AlephState - state classification accuracy
AlephState is a separate component within the AlephConforma model that classifies the conformational state of an input 3D structure. For Class A GPCRs, it returns a binary label: active or inactive. Given a PDB chain as input, AlephState identifies which conformational state the structure represents. AlephState is currently trained for Class A only.
To evaluate AlephState, its predictions on Class A native structures were compared against independent expert annotations from GPCRdb. GPCRdb classifies GPCR structures into three categories: active, intermediate, and inactive. The comparison is reported below in two forms: all Class A chains with comparable labels, and the subset where AlephState reports high or moderate confidence (excluding cases where AlephState is uncertain).
All Class A chains (N = 695)
| GPCRdb: Active | GPCRdb: Intermediate | GPCRdb: Inactive | |
|---|---|---|---|
| AlephState: Active | 619 | 3 | 16 |
| AlephState: Inactive | 1 | 5 | 51 |
Accuracy: 96.4%
High + moderate confidence (N = 631)
| GPCRdb: Active | GPCRdb: Intermediate | GPCRdb: Inactive | |
|---|---|---|---|
| AlephState: Active | 605 | 2 | 1 |
| AlephState: Inactive | 0 | 0 | 23 |
Accuracy: 99.5%
Accuracy metric is the fraction of chains where AlephState's prediction agrees with the GPCRdb label (active to active or inactive to inactive). GPCRdb's "Intermediate" category has no corresponding AlephState output - AlephState is a binary classifier. Predictions on intermediate-labeled chains are included in the matrix for transparency, but they are not counted as correct under this comparison. Confidence tiers of AlephState derive from the TM-score margin between AlephState's first and second choices: high confidence corresponds to a margin above 0.05, moderate to 0.02-0.05, ambiguous below 0.02.

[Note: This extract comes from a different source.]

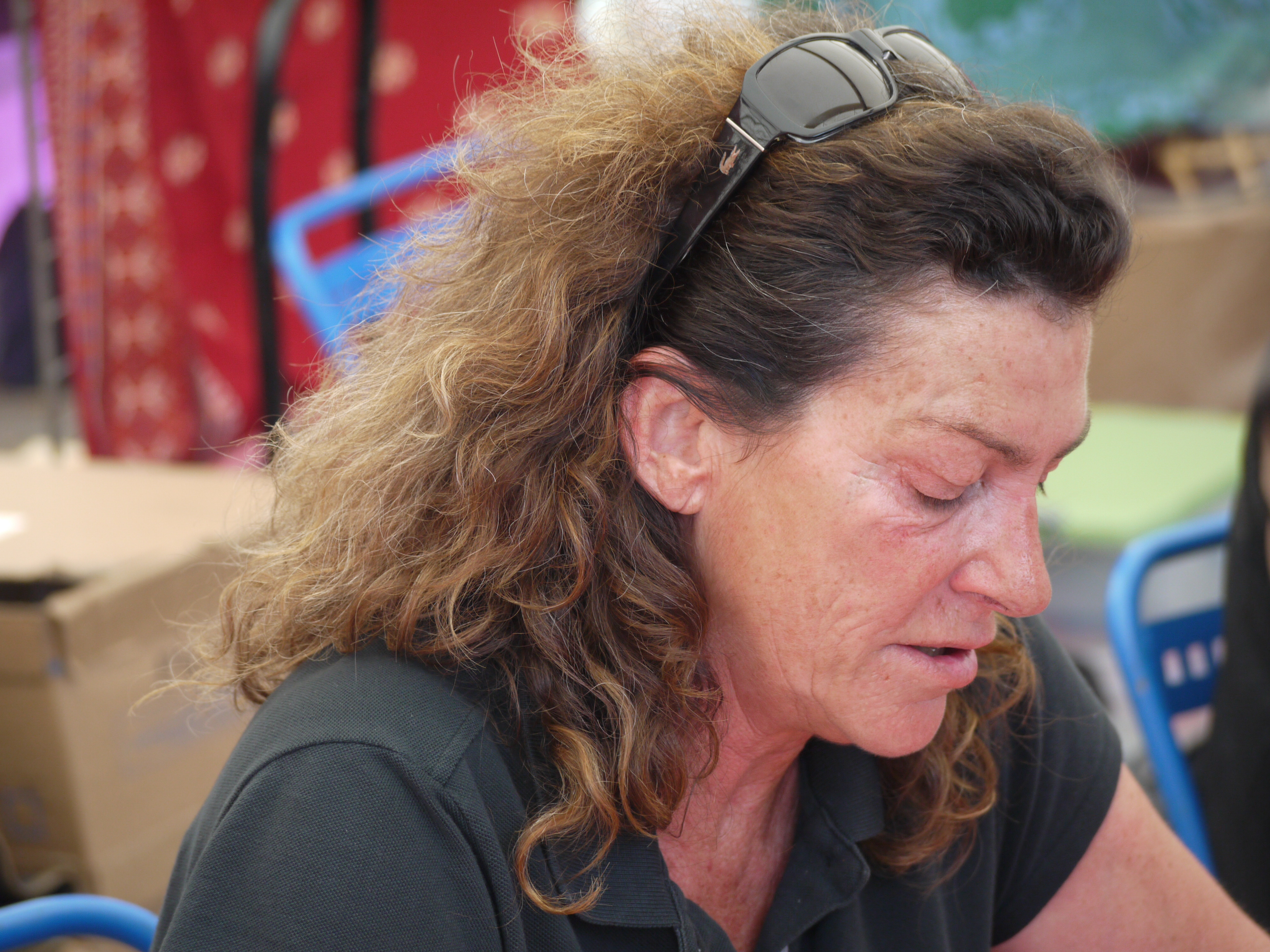 Photograph taken during the 2009 edition of the 'Comédie du Livre' of Montpellier, France. Personality rights warningAlthough this work is freely licensed or in the public domain, the person(s) shown may have rights that legally restrict certain re-uses unless those depicted consent to such uses. In these cases, a model release or other evidence of consent could protect you from infringement claims.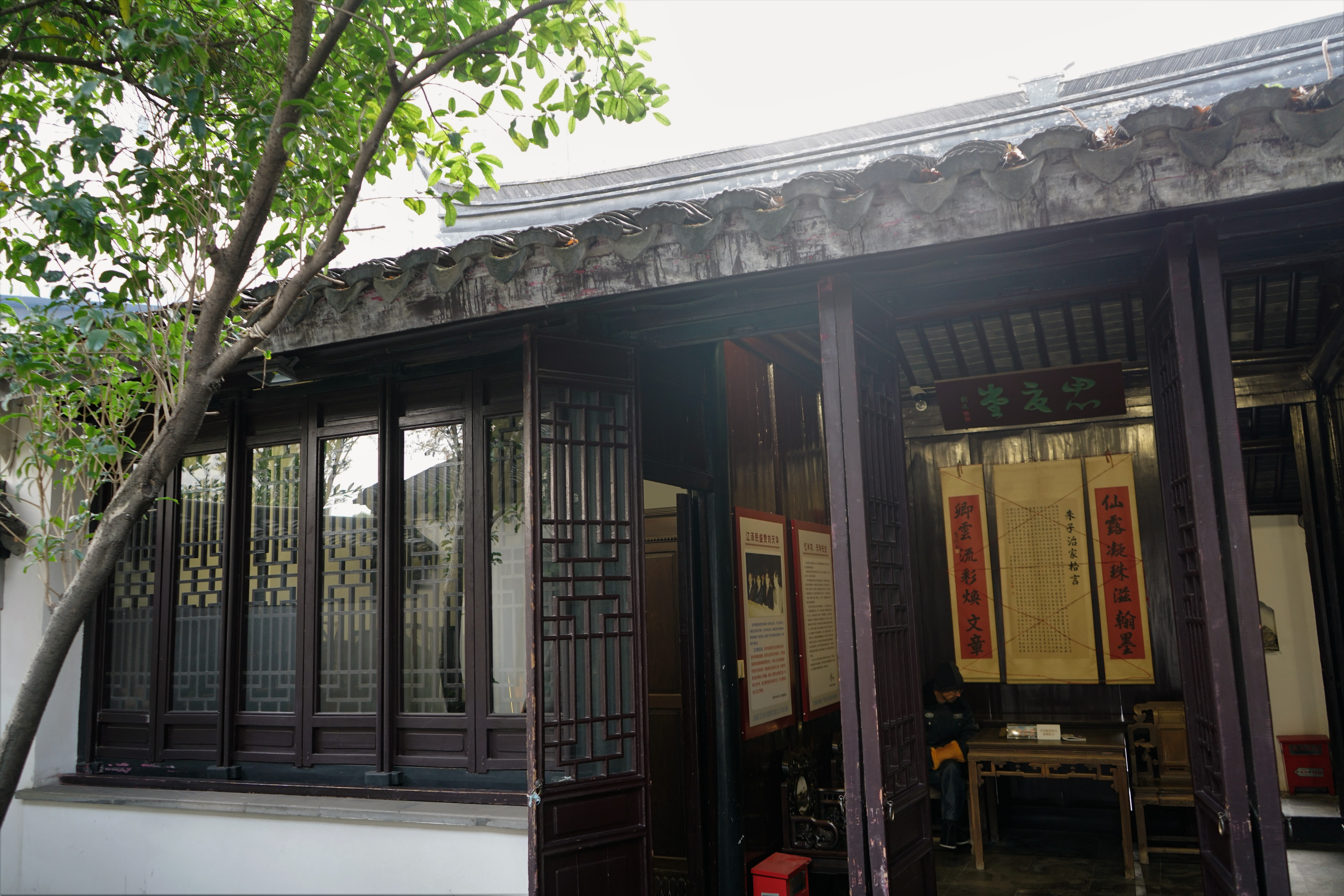 Sixia Hall

GPCRdb annotations were not involved in AlephConforma's development. This is an external validation, not an internal benchmark.
Benchmark Summary
AlephConforma has been evaluated on multiple independent datasets comprising over 10,000 protein chains, including structures released after the system's template cutoff date. Across all evaluations, AlephConforma matches or outperforms both AI-based and template-based prediction methods under fair comparison conditions.
Detailed benchmark methodology and results will accompany the product launch.